Start-Up Profile: MemVerge
In software-defined memory technology that virtualizes different types of memory including DRAM and persistent memory
This is a Press Release edited by StorageNewsletter.com on July 23, 2020 at 2:18 pmCompany:
MemVerge, Inc.
HQ:
Milpitas, CA
Date founded:
2017
Financial funding:
Total of $43.5 million from storage investors Intel Capital, Cisco Investments, NetApp and SK hynix, as well as Gaorong Capital, Glory Ventures, Jerusalem Venture Partners, LDV Partners, Lightspeed Venture Partners, and northern light VC:
- seed round in 2017 but amount not revealed
- $24.5 million Series A in 2019
- $19 million in series B in 2020
Revenue:
Multiple PoCs installations expected to convert to sales during 2H20 and 1H21.
Founders:
Shuki Bruck, chairman, is the Gordon and Betty Moore professor of Computation and Neural System and Electrical Engineering at the California Institute of Technology (Caltech). He was the founding director of the Caltech (IST) program. and co-founded and served as chairman of XtremIO and Rainfinity.
Charles Fan, CEO, was formerly CTO of Cheetah Mobile leading its technology teams, and an SVP and/GM at VMware, founding the storage business unit that developed the Virtual SAN product. He also worked at EMC and was the founder of the EMC China R&D Center. He joined EMC via the acquisition of Rainfinity, where he was a co-founder and CTO.
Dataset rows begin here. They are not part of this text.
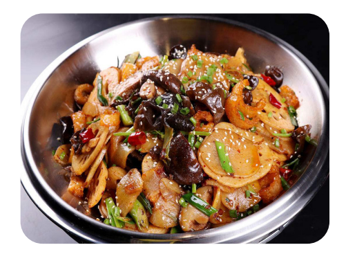
Fungus & Mushroom in Hot & Spicy Clay Pot 菌类麻辣什锦 £12.80 VG ///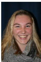
Princess Chop Suey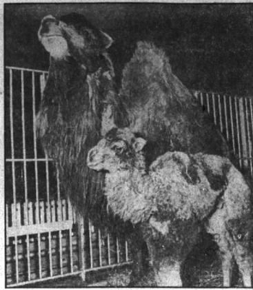
The proud, upraised head of Ely, a Bactrian camel at New York's Central Park Zoo, seems to indicate that she thinks her brand-new offspring, Pat, is worth walking a mile for any day. The 75-pound baby camel is a bit shy for his camera debut.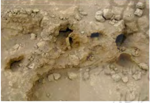
Fig. 8 Some Details of the Pyrotechnical Installations Recovered in Tape Shoghali.

The furnaces in these workshops are equipped with vents and pieces of molds, litharge cakes or sulfide monoxide and slags have been found in the area. Beveled rim bowls and flat trays were also present in this context. The details of these workshops are under study but the preliminary results show that silver was separated from lead sulfides through the cupellation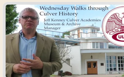
The Culver Naval Building Wednesday Walks through Culver History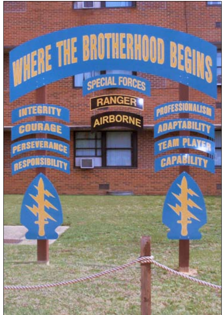
SF Creed at Fort Bragg.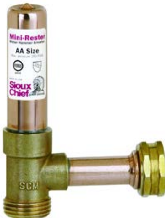
Washing machine water hammer arrestor

water pipe and fittings pressure rating and cause water leaks. A plumbing device called a water hammer arrestor (shockstop) or an air chamber is often installed on the cold and hot water lines adjacent to the fast closing valve to prevent the water hammer and its associated noise. These devices function like a shock absorber on a car to dampen the pressure wave that causes the water hammer noise.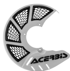
White/Black code: 21846.030 X-Brake 2.0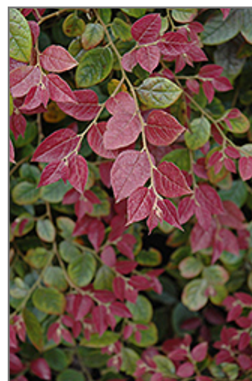
Razzleberri Fringeflower foliage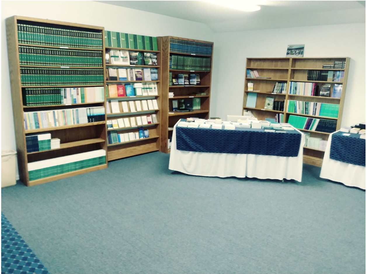
Book service area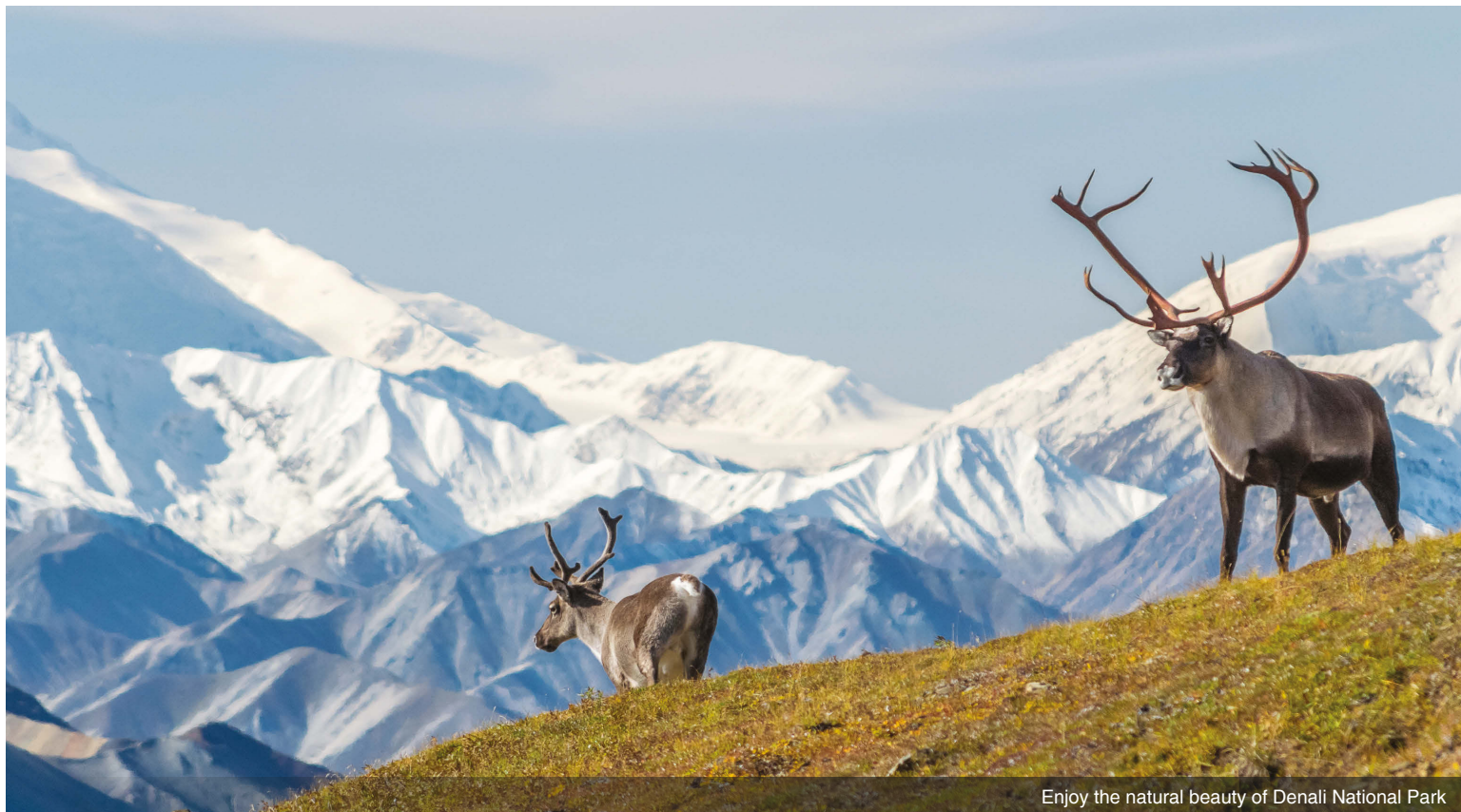
Enjoy the natural beauty of Denali National Park

Yue Li, CTO, previously worked as a senior post-doctoral scholar in memory systems at Caltech. He has research experience on both theoretical and experimental aspects of algorithms for non-volatile memories. His research has been published in journals and conferences on storage.
Number of employees:
Approximately 50
Technology:
Big memory software is a new class of software-defined memory technology that virtualizes different types of memory including DRAM and persistent memory. Once virtualized, the software-defined memory can be accessed with modification by applications, replicated, tiered, and recovered at memory speeds.
Products description:
Memory can be accessed without code changes, scale-out in clusters to provide the capacity needed by real-time analytics and AI/ML apps, and deliver enterprise data services for HA.
Memory machine software steamrolls 4 major limitations of in-memory computing:
1. Although not quite as fast as DRAM, it promises the ability to keep the data intact for fast in-memory start up and recovery.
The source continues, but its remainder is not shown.